What you need to do >> Print the records below exactly, with no pictures.

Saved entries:
= = = = = = =
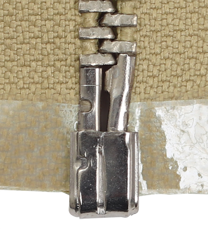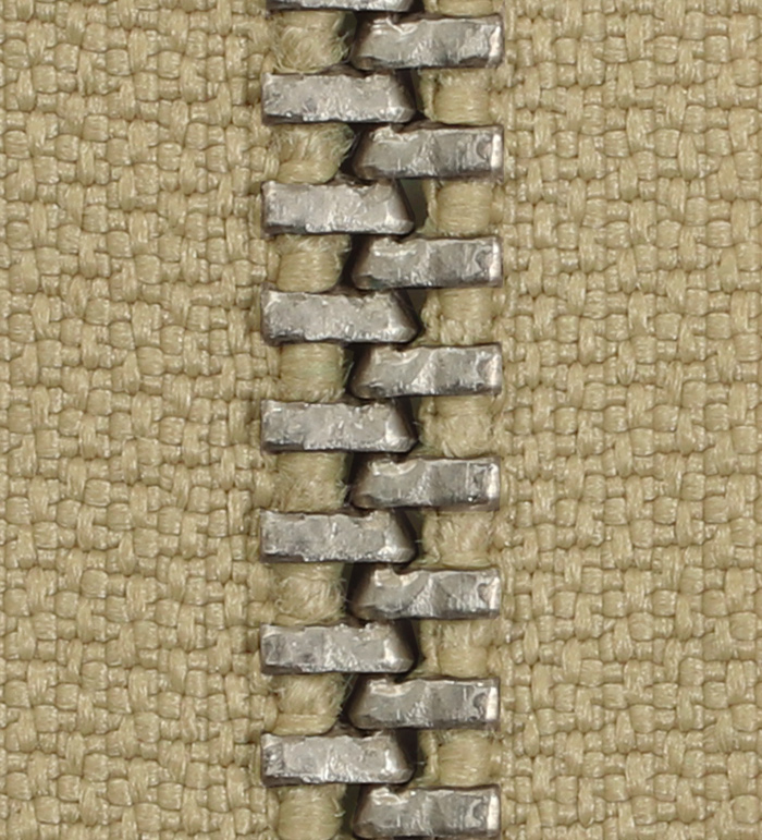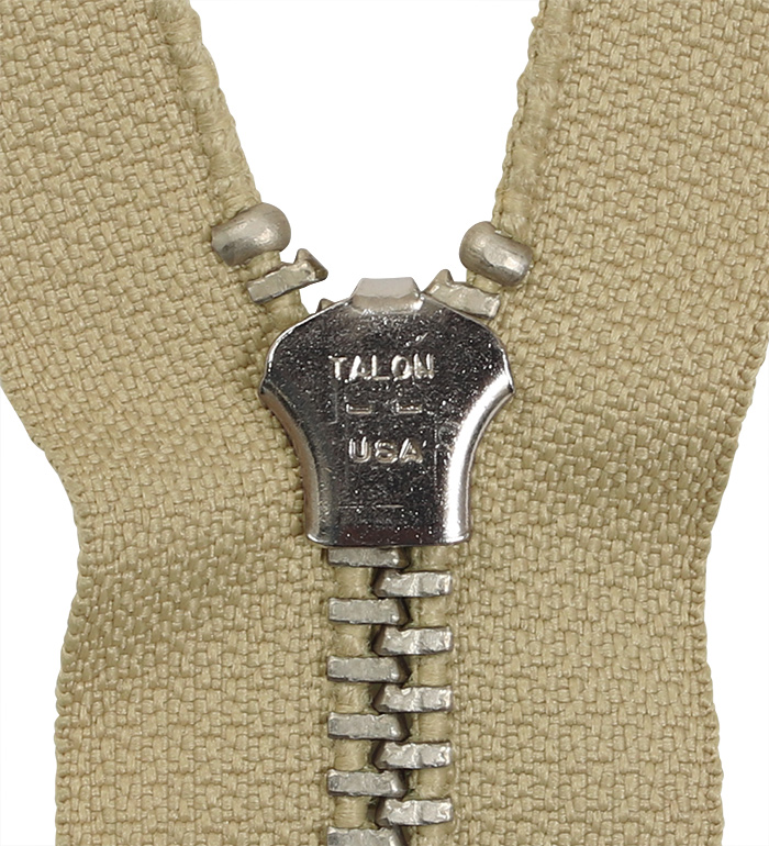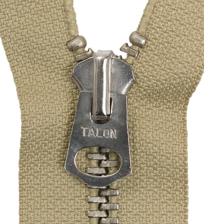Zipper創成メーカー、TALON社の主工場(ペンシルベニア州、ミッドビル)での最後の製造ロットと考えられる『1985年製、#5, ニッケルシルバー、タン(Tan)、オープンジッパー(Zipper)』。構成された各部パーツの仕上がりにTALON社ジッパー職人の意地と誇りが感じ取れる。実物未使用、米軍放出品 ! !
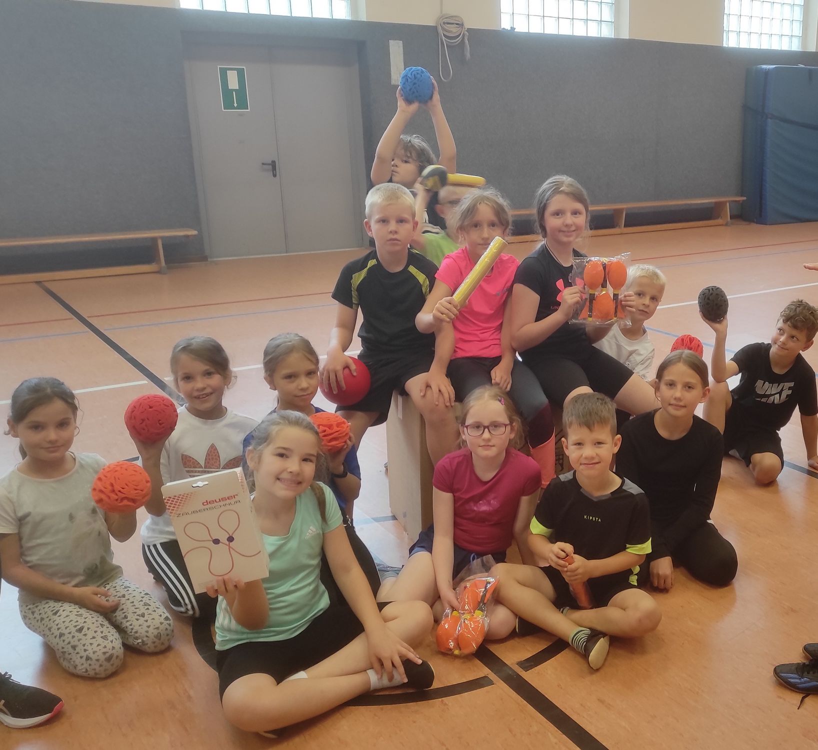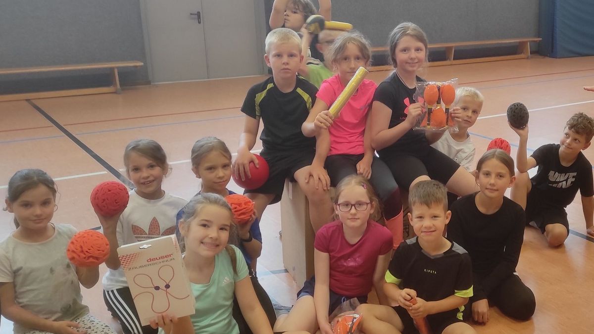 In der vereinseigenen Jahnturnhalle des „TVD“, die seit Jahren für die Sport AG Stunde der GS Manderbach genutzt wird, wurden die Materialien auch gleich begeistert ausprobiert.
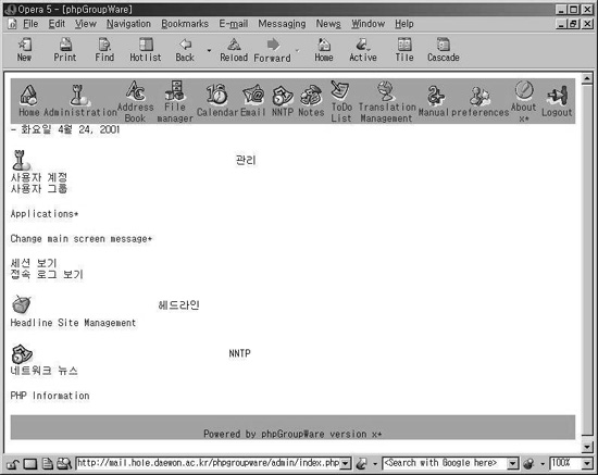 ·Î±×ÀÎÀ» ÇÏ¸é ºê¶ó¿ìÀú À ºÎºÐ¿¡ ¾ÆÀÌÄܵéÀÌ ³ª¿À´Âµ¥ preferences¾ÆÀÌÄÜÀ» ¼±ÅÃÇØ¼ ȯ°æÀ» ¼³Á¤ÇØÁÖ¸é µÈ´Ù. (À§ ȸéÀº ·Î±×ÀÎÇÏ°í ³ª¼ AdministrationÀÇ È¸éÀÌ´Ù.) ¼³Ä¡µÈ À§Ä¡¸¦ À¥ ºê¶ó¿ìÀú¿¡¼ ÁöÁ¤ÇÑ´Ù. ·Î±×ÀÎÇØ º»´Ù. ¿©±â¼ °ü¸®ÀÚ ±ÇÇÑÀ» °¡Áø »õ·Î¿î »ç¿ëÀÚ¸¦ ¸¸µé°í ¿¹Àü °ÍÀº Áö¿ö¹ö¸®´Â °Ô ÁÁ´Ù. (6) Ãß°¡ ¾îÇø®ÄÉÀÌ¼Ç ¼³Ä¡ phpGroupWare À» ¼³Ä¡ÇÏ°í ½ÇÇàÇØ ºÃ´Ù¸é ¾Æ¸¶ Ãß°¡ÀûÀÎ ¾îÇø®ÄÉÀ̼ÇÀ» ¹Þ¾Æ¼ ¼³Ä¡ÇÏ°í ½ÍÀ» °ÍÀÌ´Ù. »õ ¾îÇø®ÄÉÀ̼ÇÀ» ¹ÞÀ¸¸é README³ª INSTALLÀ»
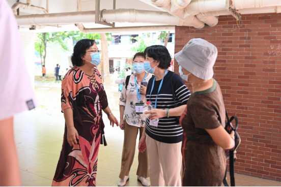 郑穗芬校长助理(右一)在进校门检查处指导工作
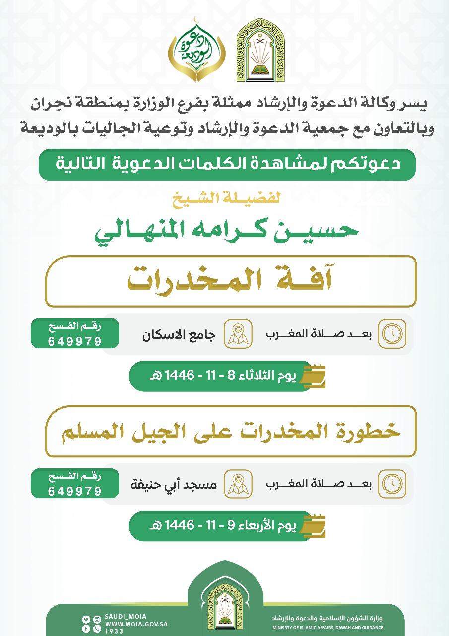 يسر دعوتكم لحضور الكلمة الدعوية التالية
= = = = = = =
Your response >>
Zipper創成メーカー、TALON社の主工場(ペンシルベニア州、ミッドビル)での最後の製造ロットと考えられる『1985年製、#5, ニッケルシルバー、タン(Tan)、オープンジッパー(Zipper)』。構成された各部パーツの仕上がりにTALON社ジッパー職人の意地と誇りが感じ取れる。実物未使用、米軍放出品 ! !
 In der vereinseigenen Jahnturnhalle des „TVD“, die seit Jahren für die Sport AG Stunde der GS Manderbach genutzt wird, wurden die Materialien auch gleich begeistert ausprobiert.
 ·Î±×ÀÎÀ» ÇÏ¸é ºê¶ó¿ìÀú À ºÎºÐ¿¡ ¾ÆÀÌÄܵéÀÌ ³ª¿À´Âµ¥ preferences¾ÆÀÌÄÜÀ» ¼±ÅÃÇØ¼ ȯ°æÀ» ¼³Á¤ÇØÁÖ¸é µÈ´Ù. (À§ ȸéÀº ·Î±×ÀÎÇÏ°í ³ª¼ AdministrationÀÇ È¸éÀÌ´Ù.) ¼³Ä¡µÈ À§Ä¡¸¦ À¥ ºê¶ó¿ìÀú¿¡¼ ÁöÁ¤ÇÑ´Ù. ·Î±×ÀÎÇØ º»´Ù. ¿©±â¼ °ü¸®ÀÚ ±ÇÇÑÀ» °¡Áø »õ·Î¿î »ç¿ëÀÚ¸¦ ¸¸µé°í ¿¹Àü °ÍÀº Áö¿ö¹ö¸®´Â °Ô ÁÁ´Ù. (6) Ãß°¡ ¾îÇø®ÄÉÀÌ¼Ç ¼³Ä¡ phpGroupWare À» ¼³Ä¡ÇÏ°í ½ÇÇàÇØ ºÃ´Ù¸é ¾Æ¸¶ Ãß°¡ÀûÀÎ ¾îÇø®ÄÉÀ̼ÇÀ» ¹Þ¾Æ¼ ¼³Ä¡ÇÏ°í ½ÍÀ» °ÍÀÌ´Ù. »õ ¾îÇø®ÄÉÀ̼ÇÀ» ¹ÞÀ¸¸é README³ª INSTALLÀ»
 郑穗芬校长助理(右一)在进校门检查处指导工作
 يسر دعوتكم لحضور الكلمة الدعوية التالية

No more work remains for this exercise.